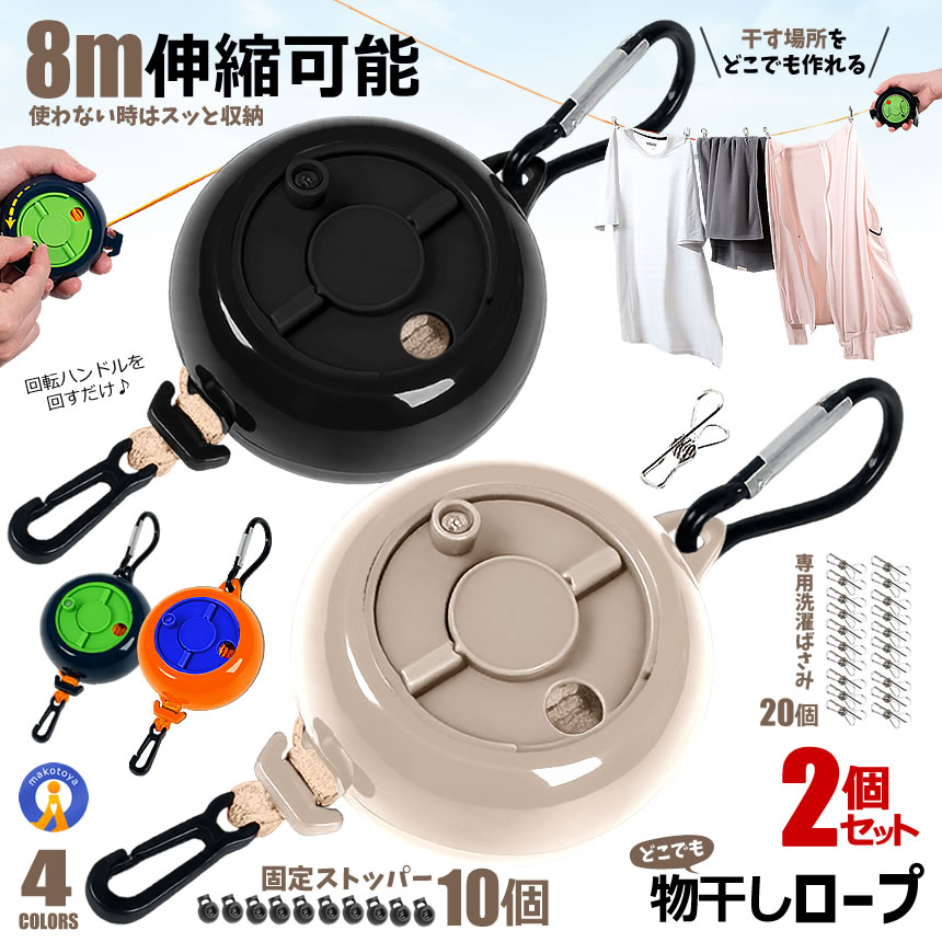 ■2個セット 物干しロープ 8m 伸縮式 巻き取り式 洗濯ロープ ストッパー付き 洗濯物 ランドリー 時短 海外旅行 NEWROPE
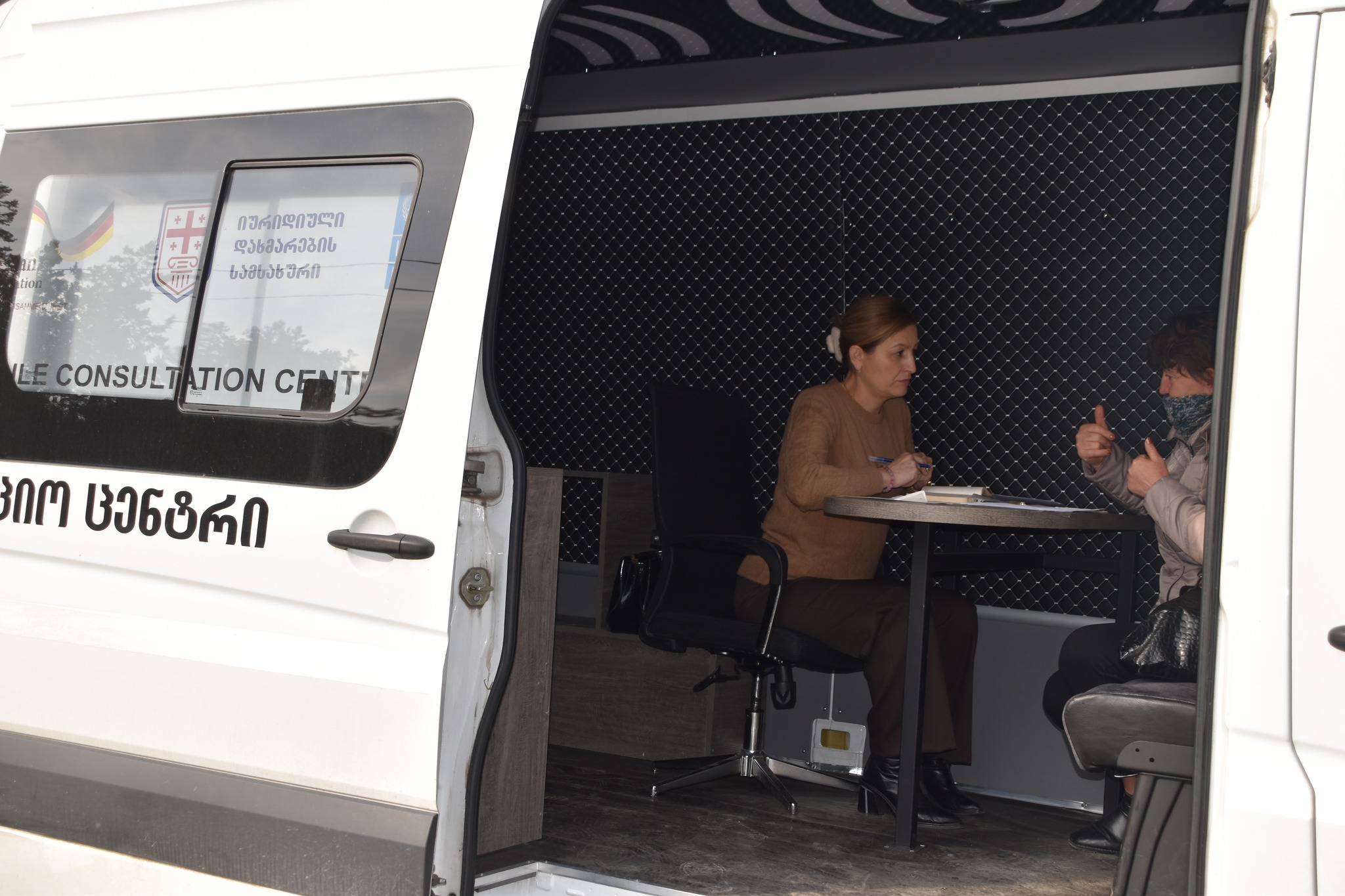 After the conference, consultant Nino Masurashvili used the mobile consulting centre to give each Ateni resident a private legal consultation on matters that were important and of interest to them.
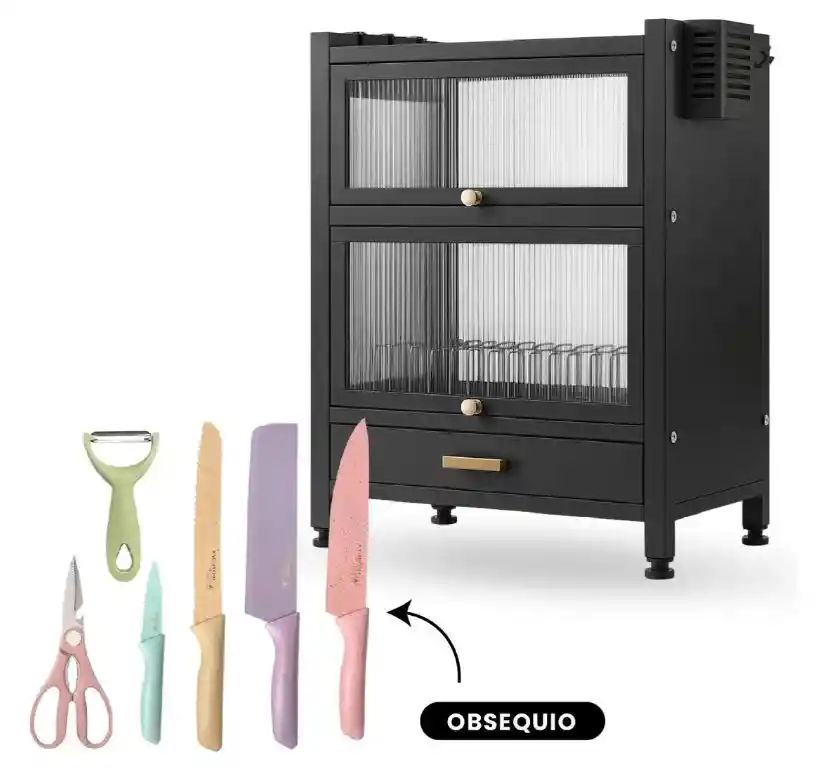 Transforma tu cocina con este organizador de loza multifuncional Su diseño elegante en acero al carbono y acrílico transparente permite escurrir y almacenar platos, vasos y utensilios de forma ordenada, higiénica y segura. Además, incluye un set de 6 cuchillos profesionales de acero inoxidable con mangos ergonómicos, ideales para cortar pan, carne, frutas y verduras con total comodidad. Ficha Técnica: Capacidad máxima: 100 lb. Medidas: 68 cm (alto) x 52 cm (ancho) x 29 cm (fondo). Puertas abatibles: Sí, con acceso seguro y práctico. Cajón extra: Sí, para almacenamiento adicional. Bandejas de drenaje: Incluidas. Patitas antideslizantes: Sí, para mayor estabilidad. Color: Negro con detalles dorados. Incluye Set de 6 piezas de cuchillería Cuchillo de chef. Cuchillo para pan. Cuchillo para carne. Cuchillo pequeño multiusos. Tijeras de cocina.

→ **Problem to work on**
From the top of the listing above, repeat each line exactly until you reach the line containing "After the conference, consultant", and repeat that one too. Leave the pictures out.

→ **Output**
 ■2個セット 物干しロープ 8m 伸縮式 巻き取り式 洗濯ロープ ストッパー付き 洗濯物 ランドリー 時短 海外旅行 NEWROPE
 After the conference, consultant Nino Masurashvili used the mobile consulting centre to give each Ateni resident a private legal consultation on matters that were important and of interest to them.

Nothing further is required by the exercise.